1. Import the TensorFlow IPU module
First, we import the TensorFlow IPU module.
Add the following import statement to the beginning of your script:
from tensorflow.python import ipu
For the ipu
module to function properly, we must import it directly rather
than accessing it through the top-level TensorFlow module.
2. Preparing the dataset
Some extra care must be taken when preparing a dataset for training a Keras
model on the IPU. The Poplar software stack does not support using tensors with
shapes which are not known when the model is compiled, so we must make sure the
sizes of our datasets are divisible by the batch size. We introduce a utility
function, make_divisible
, which computes the largest number, no larger than a
given number, which is divisible by a given divisor. This will be of further use
as we work through this tutorial.
def make_divisible(number, divisor):
return number - number % divisor
Using this utility function, we can then adjust dataset lengths to be divisible by the batch size as follows:
(x_train, y_train), (x_test, y_test) = load_data()
train_data_len = x_train.shape[0]
train_data_len = make_divisible(train_data_len, batch_size)
x_train, y_train = x_train[:train_data_len], y_train[:train_data_len]
test_data_len = x_test.shape[0]
test_data_len = make_divisible(test_data_len, batch_size)
x_test, y_test = x_test[:test_data_len], y_test[:test_data_len]
With a batch size of 64, we lose 32 training examples and 48 evaluation examples, which is less than 0.2% of each dataset.

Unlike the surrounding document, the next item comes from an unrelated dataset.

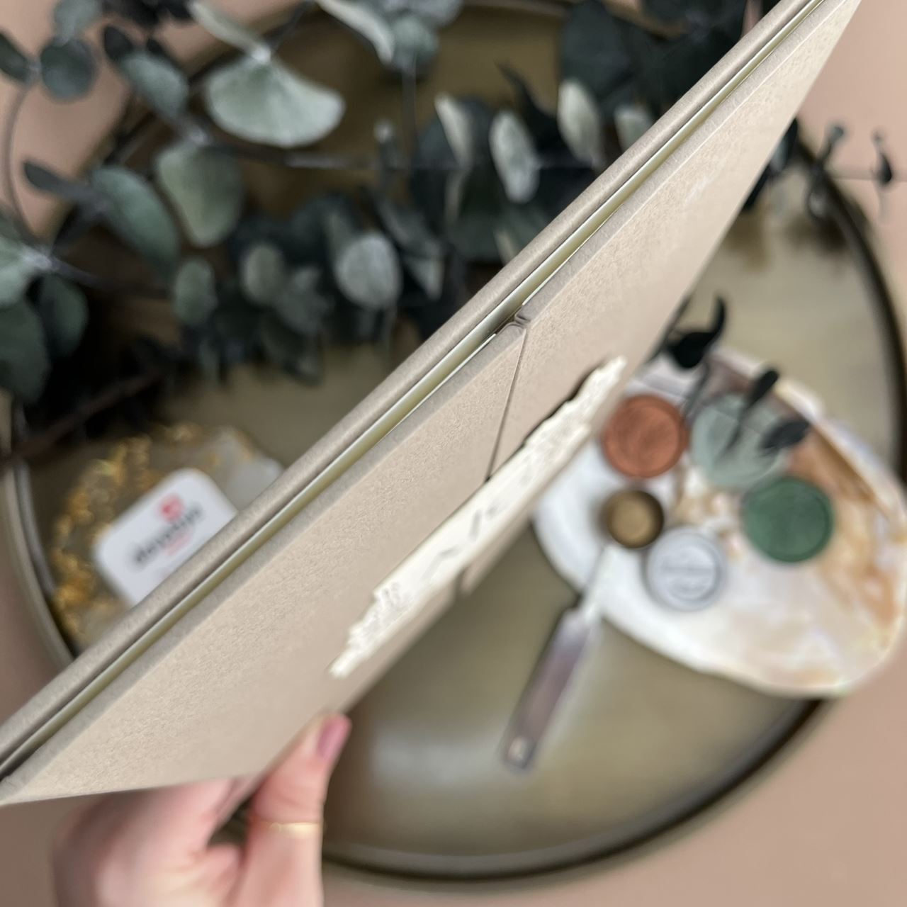A refined take on luxury β this thick gatefold invitation in warm taupe tones is crafted for couples who want elegance with a soft touch.

There are other ways to prepare a dataset for training on the IPU. You can
create a tf.data.Dataset
object using your data, then use its .repeat()
method to create a looped version of the dataset. If you do not want to lose
any data, you can pad the datasets with tensors of zeros, then set
sample_weight
to be a vector of 1’s and 0’s according to which values are
real so the extra values don’t affect the training process (though this may be
slower than using the other methods).
3. Add IPU configuration
To use the IPU, you must create an IPU session configuration:
ipu_config = ipu.config.IPUConfig()
ipu_config.device_connection.type = (
ipu.config.DeviceConnectionType.ON_DEMAND
) # Optional - allows parallel execution
ipu_config.auto_select_ipus = 1
ipu_config.configure_ipu_system()
This is all we need to get a small model up and running, though a full list of configuration options is available in the API documentation.
4. Specify IPU strategy
Next, add the following code:
strategy = ipu.ipu_strategy.IPUStrategy()
The tf.distribute.Strategy
is an API to distribute training and inference
across multiple devices. IPUStrategy
is a subclass which targets a system
with one or more IPUs attached. For a multi-system configuration, the
PopDistStrategy
should be used, in conjunction with our PopDist library.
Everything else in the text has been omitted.